= Joseph Browne (physician) =

Joseph Browne (fl. 1706), was an English physician, generally described as a charlatan and hack writer.

==Life==

He has been identified with a Joseph Browne of Jesus College, Cambridge, who proceeded M.B. 1695; he assumed the title M.D.

In 1706 he was twice convicted for libelling Queen Anne's administration. The first of these occasions, when he was fined forty marks and ordered to stand in the pillory, was for the publication of The Country Parson's Honest Advice to that judicious and worthy Minister of State my Lord Keeper. In a letter addressed to Secretary Robert Harley, 'occasioned by his late commitment to Newgate,' he denies the authorship of this pamphlet, of which at the same time he gives an explanation. He also speaks of Harley as having 'not only treated him like a patriot, but given him friendly advice.' He was again fined forty marks and ordered to stand in the pillory twice.

==Works==

He was an industrious writer with an obscure and rambling style. He wrote and lectured against William Harvey's theory of the circulation of the blood, and he continued The Examiner after it had been dropped by Delarivier Manley, who had succeeded Jonathan Swift.

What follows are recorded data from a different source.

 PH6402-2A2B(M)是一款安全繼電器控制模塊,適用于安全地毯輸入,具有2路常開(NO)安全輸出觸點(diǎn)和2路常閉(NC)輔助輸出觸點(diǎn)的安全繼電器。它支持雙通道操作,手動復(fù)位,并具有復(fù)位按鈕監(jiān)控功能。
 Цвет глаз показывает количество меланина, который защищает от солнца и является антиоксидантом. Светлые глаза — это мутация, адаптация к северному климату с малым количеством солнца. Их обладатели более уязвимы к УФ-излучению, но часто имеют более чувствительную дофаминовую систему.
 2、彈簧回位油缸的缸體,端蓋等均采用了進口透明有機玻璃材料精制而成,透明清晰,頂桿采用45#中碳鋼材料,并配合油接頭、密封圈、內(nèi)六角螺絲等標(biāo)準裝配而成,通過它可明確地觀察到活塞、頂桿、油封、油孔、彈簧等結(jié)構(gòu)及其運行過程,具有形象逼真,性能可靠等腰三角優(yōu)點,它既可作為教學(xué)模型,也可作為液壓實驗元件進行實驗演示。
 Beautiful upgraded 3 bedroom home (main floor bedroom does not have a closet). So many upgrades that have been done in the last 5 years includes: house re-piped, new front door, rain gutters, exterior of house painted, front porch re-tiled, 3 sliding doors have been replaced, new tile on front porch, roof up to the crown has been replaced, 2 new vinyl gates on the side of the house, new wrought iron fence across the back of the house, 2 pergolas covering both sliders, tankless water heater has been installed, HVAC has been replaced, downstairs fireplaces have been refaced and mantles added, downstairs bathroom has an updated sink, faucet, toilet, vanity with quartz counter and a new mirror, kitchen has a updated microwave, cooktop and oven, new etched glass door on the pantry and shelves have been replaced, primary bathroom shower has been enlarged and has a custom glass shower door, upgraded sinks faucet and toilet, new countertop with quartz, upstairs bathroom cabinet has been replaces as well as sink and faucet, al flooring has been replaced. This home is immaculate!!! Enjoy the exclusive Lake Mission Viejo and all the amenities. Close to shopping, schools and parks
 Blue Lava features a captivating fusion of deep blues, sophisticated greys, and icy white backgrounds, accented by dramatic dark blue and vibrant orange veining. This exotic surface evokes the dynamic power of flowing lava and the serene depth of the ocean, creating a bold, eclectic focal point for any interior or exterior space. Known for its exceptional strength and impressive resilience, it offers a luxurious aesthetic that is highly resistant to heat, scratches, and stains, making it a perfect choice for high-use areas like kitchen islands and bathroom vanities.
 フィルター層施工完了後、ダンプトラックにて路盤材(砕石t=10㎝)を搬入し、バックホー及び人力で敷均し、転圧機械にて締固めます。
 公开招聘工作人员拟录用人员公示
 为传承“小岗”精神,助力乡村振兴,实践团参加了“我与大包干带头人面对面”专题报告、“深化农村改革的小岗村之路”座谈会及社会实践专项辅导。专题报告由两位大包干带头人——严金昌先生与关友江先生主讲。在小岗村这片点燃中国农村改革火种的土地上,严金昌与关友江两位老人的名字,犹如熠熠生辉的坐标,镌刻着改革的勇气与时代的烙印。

He sought patronage, and was bold and importunate. His 'Modern Practice of Physick vindicated' (two parts, 1703–4) is dedicated to the Duke of Leeds without permission. He dedicated his 'Lecture of Anatomy against the Circulation of the Blood' (1701) to 'His Excellency Heer Vrybergen, Envoy Extraordinary from the States-General.' His 'Practical Treatise of the Plague' (1720) has a prefatory epistle to Richard Mead, and his last known publication, also on the plague, was addressed to the president and members of the Royal College of Physicians, with which he was not affiliated. Beyond the date of this publication (1721) there is no trace of him.

Browne produced an edition of the Latin casebooks of Théodore de Mayerne which includes details of medical treatments given to several courtiers, documents concerning the final illness of Prince Henry, and a journal of his consultations with Anne of Denmark and Henrietta Maria. The edition is some respects unreliable with misleading punctuation.